Dataset:
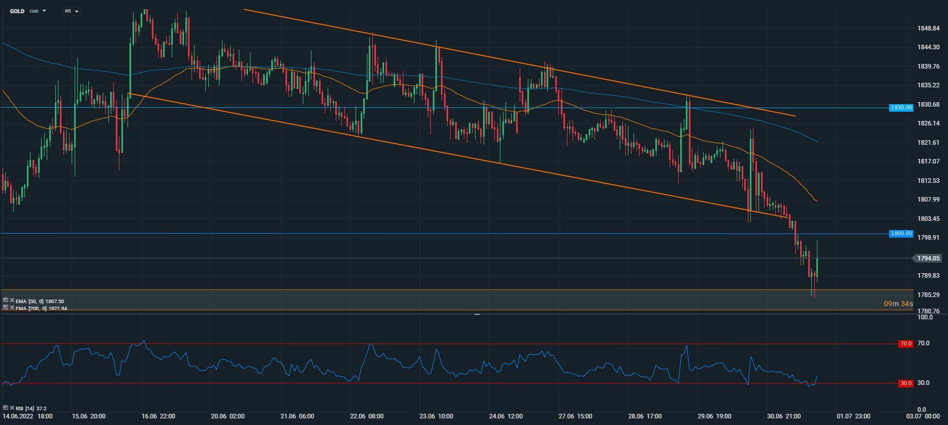 Din punct de vedere tehnic, prețul a părăsit într-o manieră agresivă canalul descendent de trend și a spart zona psihologică de suport de la 1.800 USD. Această mișcare extrem de dinamică de astăzi a alimentat corecția, iar aurul a atins un minim intraday la 1.784 USD, care reprezintă valoarea mediană a intervalului de suport pe termen lung 1.782 - 1.786 USD. Această zonă marchează minimele din acest an motiv pentru care are o relevanță mare pentru investitori. Ricoșeul de acolo arată că taurii nu sunt dispuși, cel puțin pentru moment, să renunțe la ”bătălie”, motiv pentru care pragul 1.800 USD este principalul obiectiv al acestora.
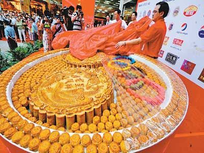 来自四川新都冠生园的月饼王有400斤重,直径1.4米,取名祈福大月饼,由8个来自广东和香港的师傅精心制作了7小时而成,专门从成都新都运过来。
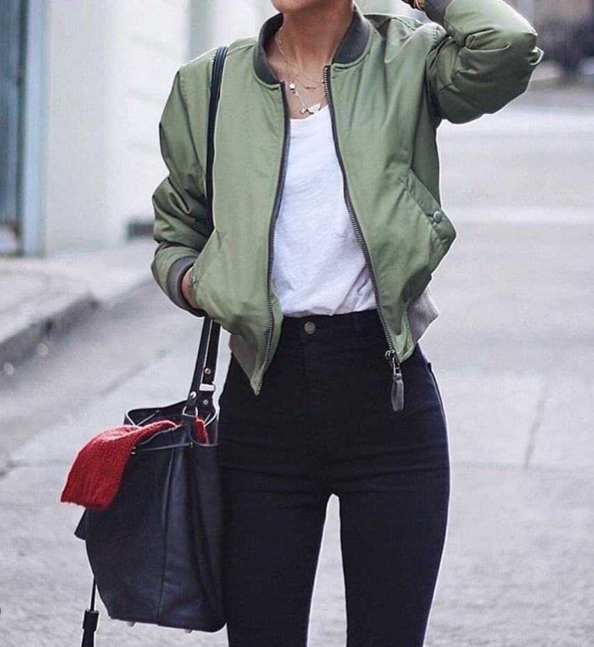 Куртка-бомбер — хороший вариант для осени и весны. Когда на улице прохладно и ветрено, надевайте под нее свитер или вязаное платье, когда выглядывает солнышко — рубашку c джинсами или юбкой.
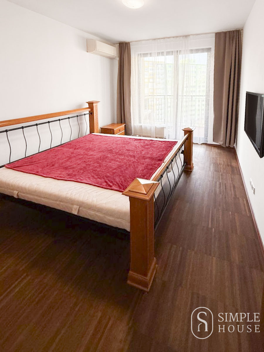 Byt se skládá z prostorného obývacího pokoje s kuchyňskou linkou a samostatné ložnice. K bytu náleží balkon o ploše 4 m². V obývacím pokoji se nachází plně vybavená kuchyňská linka se všemi spotřebiči, pohovka, jídelní stůl, televize a obývací stěna. V samostatné ložnici je manželská postel a televize.
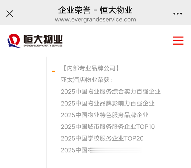 红星新闻在恒大物业官网“企业荣誉”板块看到,亚太酒店物业被归为“恒大物业企业成员”“内部专业品牌公司”。
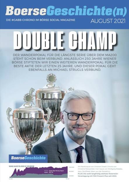 Double Champ - Der Wanderpokal für die längste Serie über dem MA200 steht schon beim Verbund. Anlässlich 250 Jahre Wiener Börse stifteten wir einen weiteren Wanderpokal: Für die beste Aktie der letzten 25 Jahre. Und dieser Pokal geht ebenfalls an Michael Strugls Verbund. (12.09.2021)
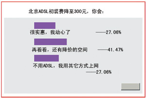 2002年12月,中國網(wǎng)通北京通信公司發(fā)起了一次降價活動,先是將原定今年12月20日到期的512k ADSL上網(wǎng)費的半價優(yōu)惠向后延續(xù)半年期限,緊接著,ADSL初裝費從最初的1300元降至300元,降幅達(dá)千元,動作之大、降幅之高,令業(yè)界嘩然。不難發(fā)現(xiàn),DSL不僅要延續(xù)原有的市場分額,還要搶占Cable Modem與以太網(wǎng)的半壁江山|
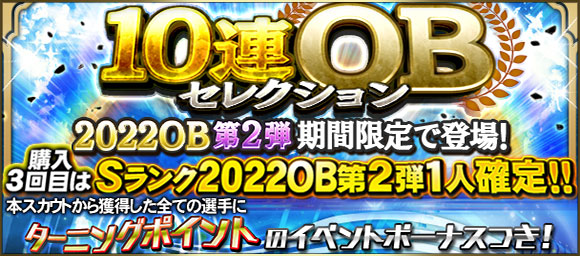 ※ 本スカウトはSランク確定スカウトではありません。10連スカウトの購入3回目に限り、10人中1人がSランクの「2022 OB第2弾」確定になります。ランクごとの登場割合は、スカウトページ内にある本スカウトの「説明」をタップして「登場選手」タブ内に表示される「登場割合」をご確認ください。
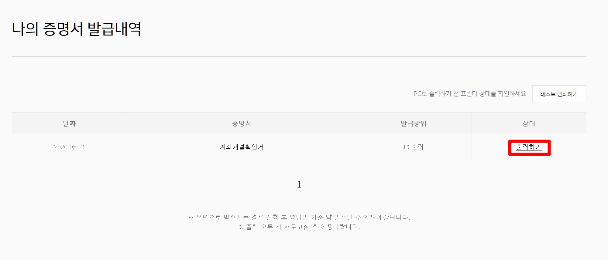 발급방법을 선택해주시면 되겠습니다. 발급 방법은 두가지가 있습니다. PC 출력과, 우편발송이 있는데 우편 발송은 시간이 오래 걸리니 PC 출력으로 선택을 해주시면 됩니다.

Your goal:
Pictures are not part of the answer. Restate word for word the lines from the one with "Byt se skládá" through the last line of the records.

Solution to this problem:
 Byt se skládá z prostorného obývacího pokoje s kuchyňskou linkou a samostatné ložnice. K bytu náleží balkon o ploše 4 m². V obývacím pokoji se nachází plně vybavená kuchyňská linka se všemi spotřebiči, pohovka, jídelní stůl, televize a obývací stěna. V samostatné ložnici je manželská postel a televize.
 红星新闻在恒大物业官网“企业荣誉”板块看到,亚太酒店物业被归为“恒大物业企业成员”“内部专业品牌公司”。
 Double Champ - Der Wanderpokal für die längste Serie über dem MA200 steht schon beim Verbund. Anlässlich 250 Jahre Wiener Börse stifteten wir einen weiteren Wanderpokal: Für die beste Aktie der letzten 25 Jahre. Und dieser Pokal geht ebenfalls an Michael Strugls Verbund. (12.09.2021)
 2002年12月,中國網(wǎng)通北京通信公司發(fā)起了一次降價活動,先是將原定今年12月20日到期的512k ADSL上網(wǎng)費的半價優(yōu)惠向后延續(xù)半年期限,緊接著,ADSL初裝費從最初的1300元降至300元,降幅達(dá)千元,動作之大、降幅之高,令業(yè)界嘩然。不難發(fā)現(xiàn),DSL不僅要延續(xù)原有的市場分額,還要搶占Cable Modem與以太網(wǎng)的半壁江山|
 ※ 本スカウトはSランク確定スカウトではありません。10連スカウトの購入3回目に限り、10人中1人がSランクの「2022 OB第2弾」確定になります。ランクごとの登場割合は、スカウトページ内にある本スカウトの「説明」をタップして「登場選手」タブ内に表示される「登場割合」をご確認ください。
 발급방법을 선택해주시면 되겠습니다. 발급 방법은 두가지가 있습니다. PC 출력과, 우편발송이 있는데 우편 발송은 시간이 오래 걸리니 PC 출력으로 선택을 해주시면 됩니다.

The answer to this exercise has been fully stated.